Food intake regulation is a crucial physiological function of the body that is essential for survival [1]. The most significant physiological systems involved in this regulation include the hypothalamus and the brainstem, the food intake-regulating centers of the central nervous system, as well as the gastrointestinal tract, responsible for nutrient sensing and absorption [2]. These two communicate via the bidirectional gut–brain axis, which consists of signaling across the autonomic nervous system, including the vagal nerve, but additionally, there is growing evidence for the crucial role of peptides along this axis [3].
Phoenixin is a highly conserved peptide that is expressed in various species such as humans, rodents, pigs, cows, chicken, and fish [4]. It is found in different amino acid lengths, with phoenixin-14 and phoenixin-20 being the most prevalent forms [4]. Its expression is widespread, including central and peripheral tissues [4]. The peripheral organs shown to express phoenixin listed in order of decreasing concentration are the heart, thymus, esophagus, stomach, spleen, pancreas, lung, kidney, jejunum, duodenum, ileum, and colon [4]. Findings of phoenixin expression in the gastrointestinal tract were corroborated by immunohistological examinations showing phoenixin immunoreactivity in crypts of the duodenum, jejunum and ileum, and outer endocrine islets of the pancreas [5]. Interestingly, phoenixin mRNA expression, e.g., in the brain, liver, muscle, and gonads of fish were shown to be affected by fasting and refeeding [6,7]. Furthermore, in humans, circulating phoenixin levels correlated positively with body weight [8], indicating a role of phoenixin-14 in appetite regulation.
Indeed, phoenixin was shown to increase light phase food intake in rats after intracerebroventricular injection [4], indicating the centrally mediated appetite-stimulating effect of phoenixn-14, supposedly via the brainstem and hypothalamic centers involved in food intake.
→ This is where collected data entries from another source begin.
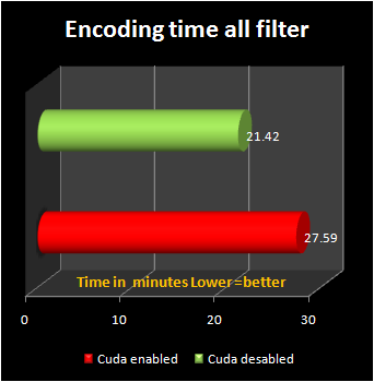 Results are pretty clear enabling CUDA in TMPGEnc 4.0 Xpress slow down the encoding process with or without filters . So be aware before dropping 100$ for this software expecting impressive performance , We hope that those performance issues will be fixed in the next software version .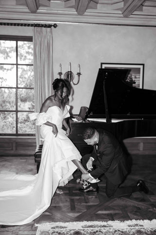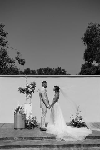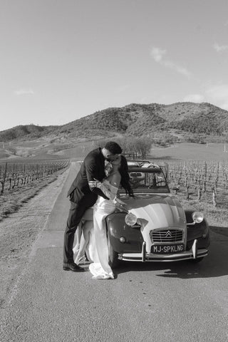 Sleek and sophisticated, this black and white suite pairs minimalist design with bold contrast—perfect for a formal celebration with a modern edge. Picture tailored tuxedos, a string quartet, and a candlelit reception where every detail feels intentional. It's "old money" magic on paper.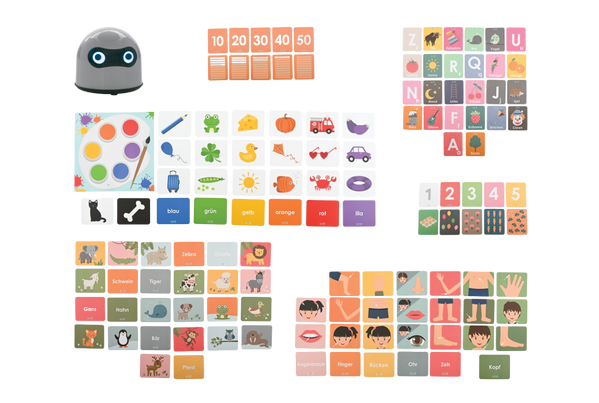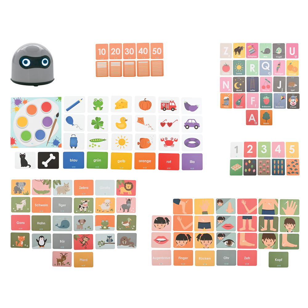 To kompletny zestaw edukacyjny, który wprowadza dzieci w świat języka obcego w sposób naturalny, intuicyjny i angażujący. Zestaw łączy nowoczesnego, mówiącego robota LOGI miniBot z szerokim wyborem tematycznych kart edukacyjnych, które rozwijają słownictwo dziecka w różnych dziedzinach życia. Dzięki rozpoznawaniu kart przez robota, dzieci mają możliwość nauki języka niemieckiego przez zabawę, ucząc się poprawnej wymowy, alfabetu, liczb, nazw zwierząt, części ciała i wielu innych ważnych pojęć.

This suggestion was corroborated by observations of stimulated firing frequency and depolarization of the nucleus of the solitary tract (NTS) as well as [9] of magnocellular neurons in the paraventricular nucleus [10] by phoenixin-14. The NTS is the regulating center of the hindbrain where satiety signals are processed to promote the termination of a meal, while the PVN receives its input in form of agouti-related protein (AGRP) and neuropeptide Y (NPY) from pro-opiomelanocortin (POMC) neurons [1,11,12], which are the main mediators involved in the central homeostatic regulation of feeding [13]. The dependence of phoenixin-14′s orexigenic effect on these central circuits is also shown by the absence of phoenixin-14-induced hyperphagia due to NPY receptor 1 and 5 inhibition [14], receptors which are expressed on the PVN [11]. Notably, since the onset of phoenixin-14′s orexigenic effect in rats was delayed by two hours, phoenixin-14 signaling is likely associated with the recruitment of additional downstream mediators. This is also indicated by the significant overlap in the expression of phoenixin with another food intake-regulating peptide, nesfatin-1 [15]. Centrally applied phoenixin-14 activates nesfatin-1 immunoreactive neurons in the brain [16], and nesfatin-1 itself is highly co-expressed with POMC/cocaine and amphetamine-regulated transcript (CART) and NPY [15,17]; thus, it could be a modulator of phoenixin-14′s orexigenic effects.
In addition to phoenixin-14′s effect on food intake, it was also shown that this peptide is able to affect various other physiological functions including reproduction and memory and stress reactions, which were demonstrated to be predominantly centrally mediated as well [18]. Early on, it was suggested that phoenixin’s effects are mediated via a G-protein coupled receptor (GRP) based on observations of disrupted phoenixin-induced luteinizing hormone secretion by GRP173 blockage [10,19,20]. In vitro, phoenixin-induced GPR173 signaling activated the cAMP/PKA pathway of CREB to induce mRNA expression in GnRH neurons [19], vasopressin secretion into circulation [10], memory recognition [21], and anxiolytic effects [22]. GRP173 is identified in various organs: its mRNA is highly expressed among others in the PVN, supraoptic nucleus (SON), and ventromedial hypothalamus (VMH), and is found in moderate density in the arcuate nucleus (ARC) and lateral hypothalamic area [20].
The observations that phoenixin is expressed in various sections of the gastrointestinal tract [4], increases food intake after central application [23], and its supposed receptor in food intake-regulating hypothalamic regions such as PVN and ARC [20] point towards a significant role of phoenixin along the gut–brain axis. This is further supported by findings showing that pre- and postprandial levels of phoenixin in the plasma differ significantly [6,7,24]. There are two mains ways, which are currently discussed, that peptides secreted from the gastrointestinal tract exert their hypothalamic actions: either via afferent fibers of the vagal nerve or by crossing the blood–brain barrier [12]. Thus, this study aimed at investigating the capacity of phoenixin-14 to directly cross the blood–brain barrier, using an in vitro model.

2. Materials and Methods

To examine whether phoenixin-14 is able to cross the blood–brain barrier, we used commercially purchased phoenixin-14 in two different concentrations based on previously applied doses in vivo (since 100 nMol of phoenixin-14 is a supraphysiological concentration, it was used only in testing for cytotoxicity and not for the transport assay) [23]. The applied human induced-pluripotent stem-cell-derived BBB in vitro model was characterized by a high correlation to the human in vivo situation [25,26,27,28,29,30]. Finally, to measure the concentration of phoenixin-14 in the cell culture, a commercially purchased ELISA was used as previously described [31].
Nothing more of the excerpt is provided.